NASTĘPNEGO OPIEKUNA WYKONAWCZEGO DLA ŚWIECKO DOMOWEGO RUCHU MISJONARSKIEGO

    Wobec zaawansowanego wieku obecnego Opiekuna Wykonawczego (jeśli Bóg pozwoli 31 maja 1975 r. rozpocznie 90-ty rok swego życia), jego niedawnej choroby i ze względu na zastanawiania się przez niektórych z wielkim zainteresowaniem nad tą sprawą i rozmowy na jej temat, wierzymy, że jest wolą Bożą, ażeby skoro to tylko będzie możliwe dokonać wyboru następnego Opiekuna Wykonawczego dla SDRM, który by prowadził jego działalność po naszej śmierci.

    Przypomina się, że w P '60, 63 ukazał się artykuł zawiadamiający o "Tymczasowym postanowieniu". W dniu 3 września 1960 r. na zebraniu interesowym, mającym miejsce podczas konwencji we Filadelfii, była przedstawiona odpowiednia rezolucja i jednogłośnie przyjęta (P '60, 77).

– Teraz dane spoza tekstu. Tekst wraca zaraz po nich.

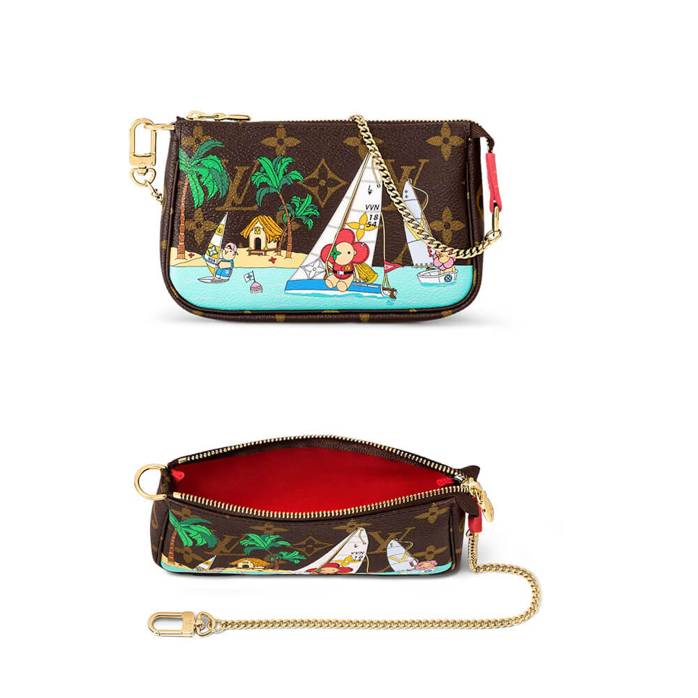 For winter 2023, the Mini Pochette Accessoires in Monogram canvas features an exclusive print celebrating the joy of sport. The print shows Louis Vuitton mascot Vivienne sailing with her friends in front of a tropical beach. This collectible mini pouch, with a vivid dragon-fruit pink lining, makes a great gift.
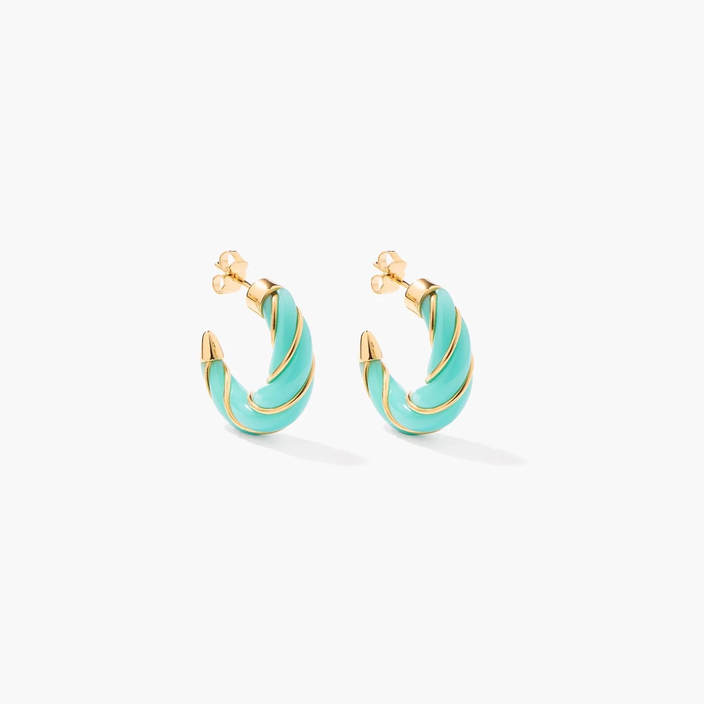 Boucles d'oreilles Diana torsadé en bakélite couleur aqua, dorées à l'or jaune 750/1000.
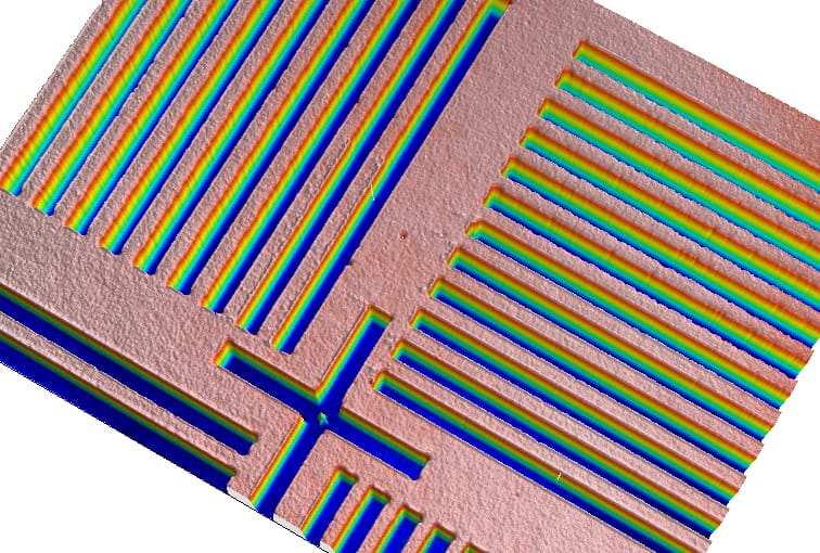 測(cè)量宏觀和微觀透鏡的臺(tái)階高度、曲率半徑和3D地形。測(cè)量波導(dǎo)和密集波分復(fù)用(DWDM)結(jié)構(gòu)的深度和表面粗糙度。
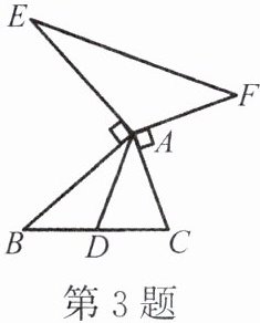3. 如图,已知 AD 是△ABC 的中线,AE⊥AB,AE = AB,AF⊥AC,AF = AC,连结 EF。试猜想线段 AD 与 EF 之间的数量及位置关系,并给予证明。
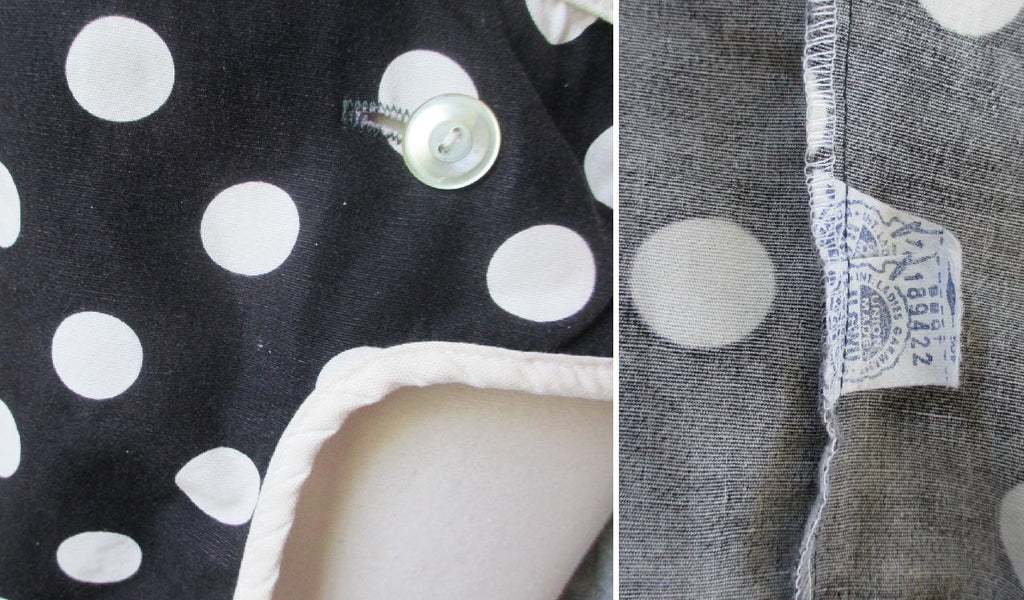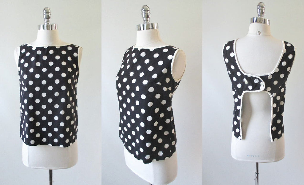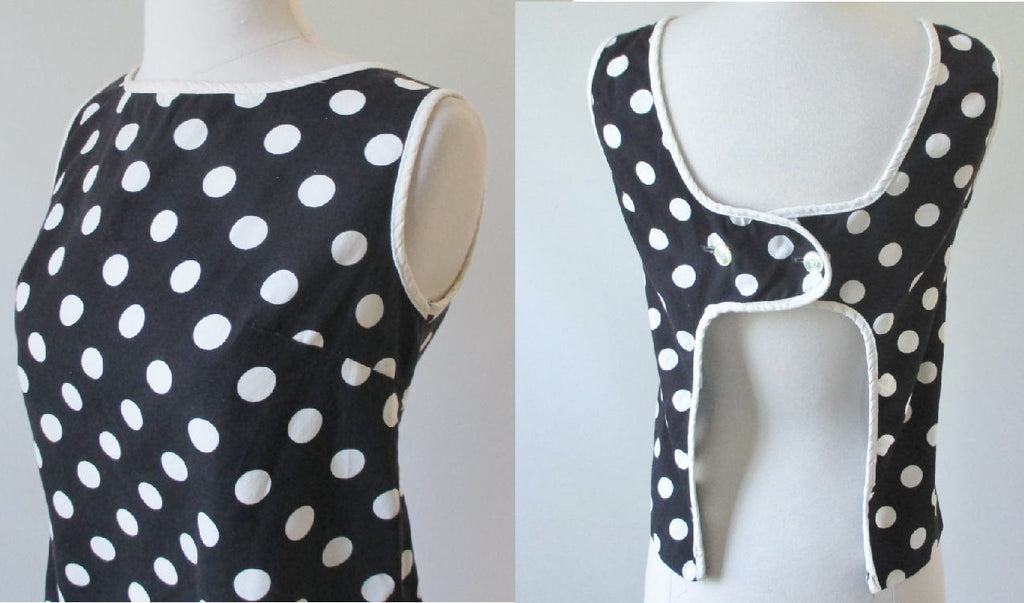 Vintage 60's Black White Polka Dot Cut Out Button Back Top Shirt S
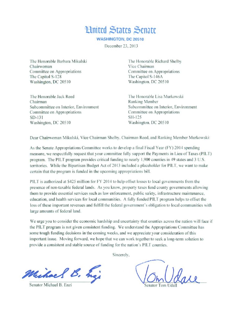 U.S. Senators Tom Udall (D-N.M.) and Mike Enzi (R-Wyo.) sent a letter to the chairs and ranking members of the Senate Appropriations Committee, and Interior subcommittee calling on them to fully support and fund the PILT program.
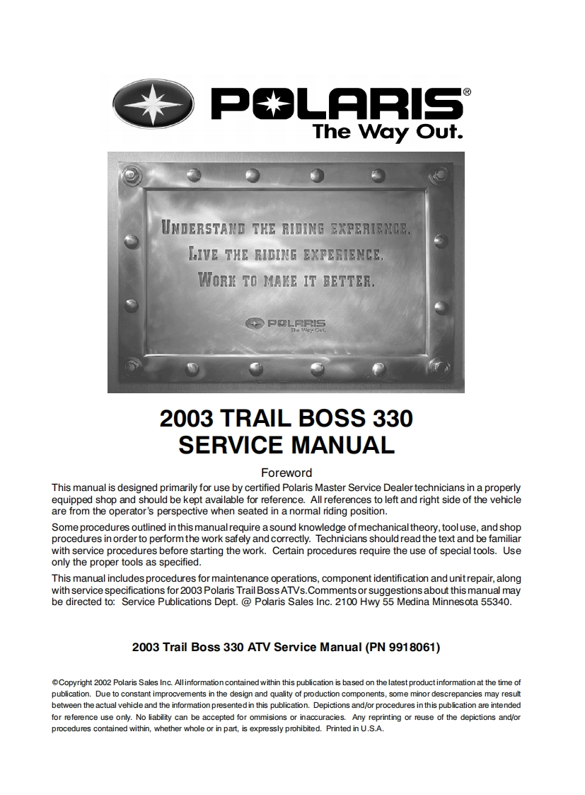 polaris-trail-boss-service-manual维修维护手册348072@abc昨天发布关注私信23.16MB71页046polaris-trail-boss-service-manual维修维护手册此内容为付费资源,请付费后查看¥29¥39黄金会员免费钻石会员免费立即购买您当前未登录!建议登陆后购买,可保存购买订单付费资源 第1页 / 共71页 第2页 / 共71页 试读已结束,还剩69页,您可下载完整版后进行离线阅读 THE END工程机械 文本预览 米POLARIS2003 TRAIL BOSS SERVICE MA NUAL PN 99180512003 TRAIL BOSSSERVICE MANUALPN891806100009Printed in USA 查看更多 收起部分 喜欢就支持一下吧收藏
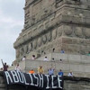 Üstünde "dik dur ve diren" yazılı bir tişört giyen siyahi kadın, Özgürlük Anıtı üstündeki eylemini üç saat sürdürdükten sonra polisler tarafından gözaltına alındı.
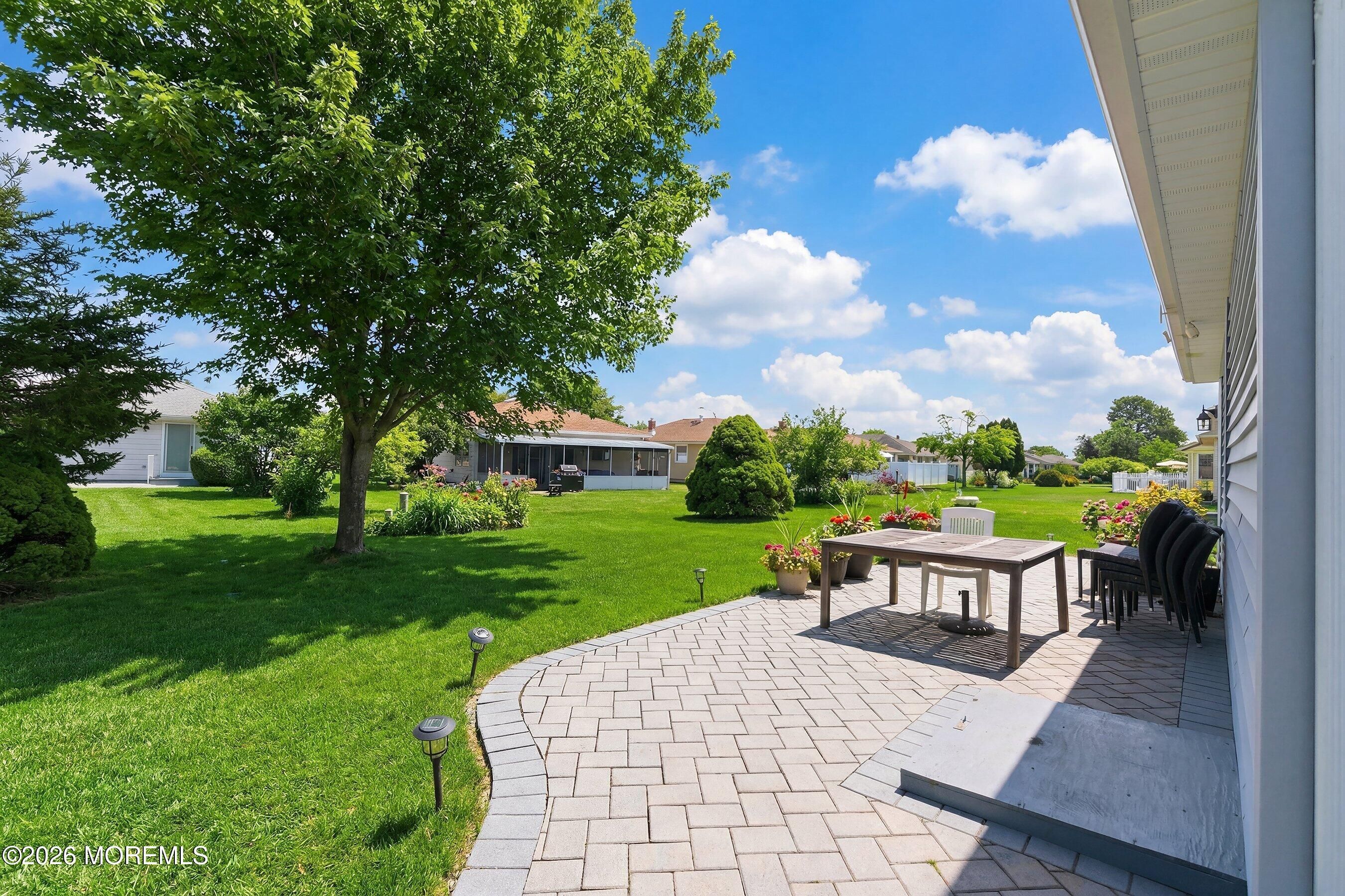 Welcome to this beautifully remodeled 2-bedroom, 2-bath home in the sought-after Holiday City Berkeley adult community. This residence showcases quality craftsmanship and high-end finishes throughout, including rich hardwood floors, premium stainless-steel appliances, and a custom-designed kitchen with elegant cabinetry. The spacious primary suite features a private, fully renovated en-suite bath with heated floor, complemented by main bath stylishly updated also w/ heated floor. Sliding doors open to beautiful paver and backyard, offering seamless indoor-outdoor living—perfect for relaxing or entertaining. Extra wide paver driveway, walkway and Paver patio. Turn-key, thoughtfully updated, and move-in ready, this home offers comfort, style, and easy living in a wonderful community.
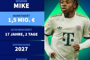 德转也公布了麦克初始身价,为150万欧,他与拜仁目前的合同将到2027年到期。
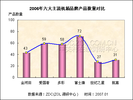 从六大品牌的产品数量对比情况来看,关注度名列第四的富士康旗下的产品数量最多,其次是爱国者和多彩。而2006年最受关注的机箱品牌——金河田旗下一共有43款市售产品。航嘉和世纪之星的产品数量相对比较少。

Stanowiła ona tymczasowe zarządzenie do prowadzenia działalności ŚDRM na wypadek śmierci obecnego Opiekuna Wykonawczego a przed wyborem następnego Opiekuna Wykonawczego. W zgodzie z tą rezolucją wyraziliśmy pisemnie wolę zabezpieczającą prawomocność tymczasowego zarządzenia jak na to wskazuje rzeczona rezolucja. Naturalnie, to tymczasowe zarządzenie było ważne jedynie, aż do chwili poczynienia bardziej stałego zarządzenia. Jak wskazał br. Johnson, a my dotąd w to wierzymy i fakty zdają się potwierdzać, że mamy być ostatnim członkiem Wielkiego Grona, który ma opuścić ziemię i że w zgodzie z tą myślą możemy jeszcze przez jakiś czas tutaj pozostawać, to jednakże wydaje się być Pańskim kierownictwem i w interesie braci, ażeby obecnie wprowadzić trwalsze zarządzenie.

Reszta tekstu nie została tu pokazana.